How to restart Sidekiq automatically for each deployment

by Jason Swett,

This post will cover why it’s necessary to restart Sidekiq for each deployment as well as how to achieve it.

Why it’s necessary to restart Sidekiq for each deployment

Example: database column name change

Let’s say you have a model in your Rails application called Customer. The corresponding customers table has a column that someone has called fname.

Because you’re not a fan of making your code harder to work with through overabbreviation, you decide to alter the customers table and rename fname to first_name. (You also change any instances of fname to first_name in the Rails code.) You deploy this change and the database migration runs in production.

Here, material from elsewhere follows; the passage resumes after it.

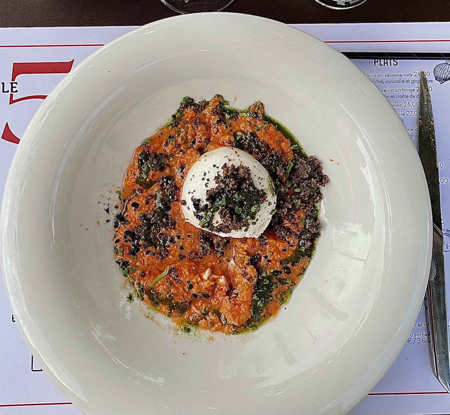 Dinner before sundown. A sunset colored meal. Infinite green views. Creamy Burata. Tomato caviar and black olive crumble. Steamed cod, sweet yellow pepper sauce, lightly seared chorizo and pan of chorizo on top, tapenade and green onions.accompanied by a light red wine from the Domaine de la Citadelle. A good one!!. Cod is mainly imported and paradoxically, it is one of the most consumed species by the French. Burata crémeuse. Caviar de tomates et crumble d’olives noires. Cabillot, sauce de poivrons jaunes et très doux, chorizo légèrement poêlé et chorizo pané dessus, tapenade d’olives et oignons verts. Tout accompagné d'un vin rouge, léger et velouté délicieux du Domaine de la Citadelle

Problem: out-of-date Sidekiq code

Unfortunately, unless you restart the Sidekiq process, there will be a problem. At the time the Sidekiq process was started (and by “Sidekiq process” I of course mean the thing that runs when you run bundle exec sidekiq), the Rails code referred to a column called fname.

If you changed the column name without restarting Sidekiq, the code the Sidekiq process is running will be referring to the non-existent fname column and your application will break.

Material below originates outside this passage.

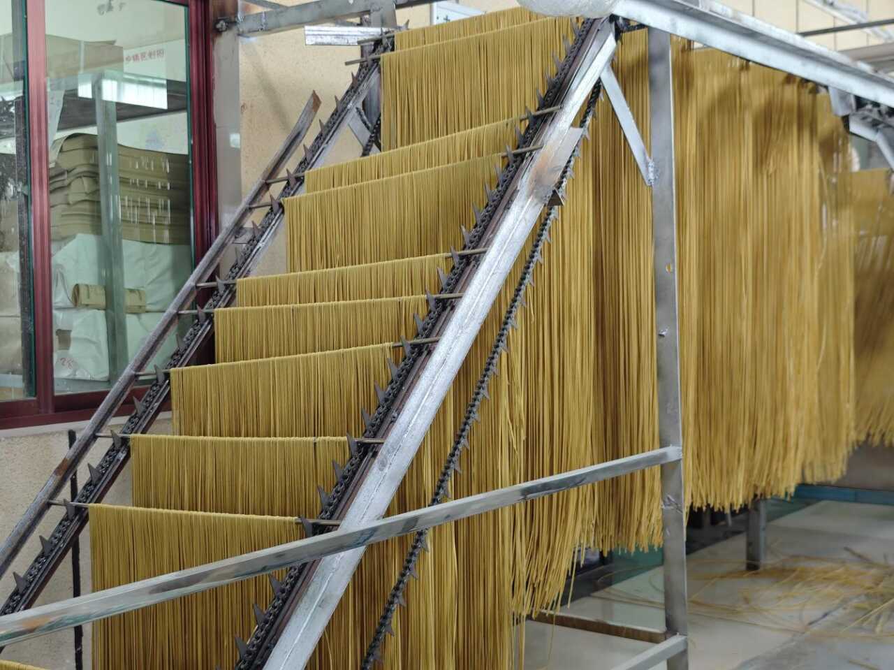 从真空和面开始,历经熟化、压片、切条、烘干等精细工序,原本松散的面粉逐渐蜕变,一根根筋道的面条初见雏形。紧接着,它们被整齐地移送至晾干区,享受着适宜的温度与通风,待完全晾干后密封,一箱箱包装精美的挂面便“整装待发”,承载着当地人的希望驶向远方。

The fix is simple: restart Sidekiq each time you deploy. The way to achieve this, however, is not so simple.

How to get Sidekiq to restart

systemd and systemctl

Before we get into the specifics of how to get Sidekiq to restart, a little background is necessary.

You’ve probably run Linux commands before that look something like sudo service nginx restart. I’ve been running such commands for many years without understanding what the “service” part is all about.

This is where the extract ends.